Quoting Peter Davis <[log in to unmask]>:
> I'm a new member, so I hope this hasn't already been beaten to death.
Welcome aboard, and no, I don't think this topic has ever arisen before.
> I'm trying to build a prototype as a proof of concept for a workflow
> that requires parsing two XML files. In coding this (C++), it occurred
> to me that having to conditionally test an element's name *after* the
> parser has already scanned it is redundant.
I'm not clear what the difficulty is here: this would be the normal
way of doing it. A parser checks for well-formedness, and then hands
the resulting tree to the application so that the application can do
whatever it's supposed to do.
> There's no reason I should
> have to perform a sequence of string comparisons on strings the parser
> has already scanned.
Ah. I am probably being dense here. Are you trying to locate or
isolate one specific element from within each file (ie as opposed to
needing to handle all the elements)?
> On the other hand, I don't have schemas for these files, so I can't use
> a data binding tool like CodeSynthesis.
> I thought a worthwhile improvement over existing SAX(2) parsers would
> be to simply allow registering element name specific callbacks.
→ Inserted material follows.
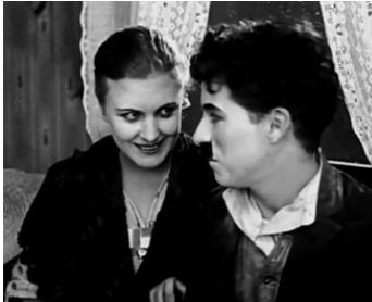
1919 UNE IDYLLE AUX CHAMPS (Sunnyside) de Charles Chaplin avec Edna Purviance

Instead
> of just calling me when any element begins or ends, I want to register
> a function for when <document> begins or ends, and another function for
> when <page> begins or ends, etc. This would make the code *much*
> cleaner, and eliminate multiple passes over the same strings.
I think this is outside the scope of a parser itself, which by
definition has to read the entire document before it can be satisfied
that it is usable.
Can you explain a little more about what you are actually trying to
do? I tend to build workflows at the scripting level rather than in a
single language because the facilities that can be plugged into the
pipeline are much more extensive.
> I have not come across this yet, though admittedly there are a *lot* of
> XML parsers out there, and I haven't seen them all. It seems like a
> fairly obvious enhancement to an otherwise simple SAX parser.
There are a number of tools which can be used to extract specific
individual elements, but by design they are mostly limited to handing
you the whole element, not the isolated start-tag or end-tag.
XSLT is probably the most common, but I assume you have already looked
at this. XQuery may also be useful if you are looking to identify an
There are also lxgrep and lxprintf (part of the ltxml2 package at
http://www.cogsci.ed.ac.uk/~richard/) which are very fast at pulling
stuff out of XML documents.
The old onsgmls parser (part of OpenSP at
http://sourceforge.net/projects/openjade/files/opensp/) can still
produce an ESIS stream, which is a line-by-line decomposition of the
document, and is very useful for creating trigger conditions because
it *does* expose the start-tags and end-tags as separate objects.
There are many libraries for Perl, Python, Tcl, and other scripting
languages which may do the same, but I have no in-depth experience of
them. Ditto for C, C++, Java, etc.
I try to avoid using non-XML solutions, because they are prone to
misinterpret the markup in certain conditions (inside a CDATA marked
section, for example), but depending on the nature of your documents,
it may be possible to use nasty tricks like turning all newlines into
spaces and then turning all < characters into newlines and all <
characters into spaces; this leaves the element type name at the start
of every line, followed by a space, which can then be isolated, eg
cat myfile.xml | tr '\012<>' '\040\012\040' | grep '^page\ '
but without knowing what you want to do with the result it isn't
possible to know if that approach is useful.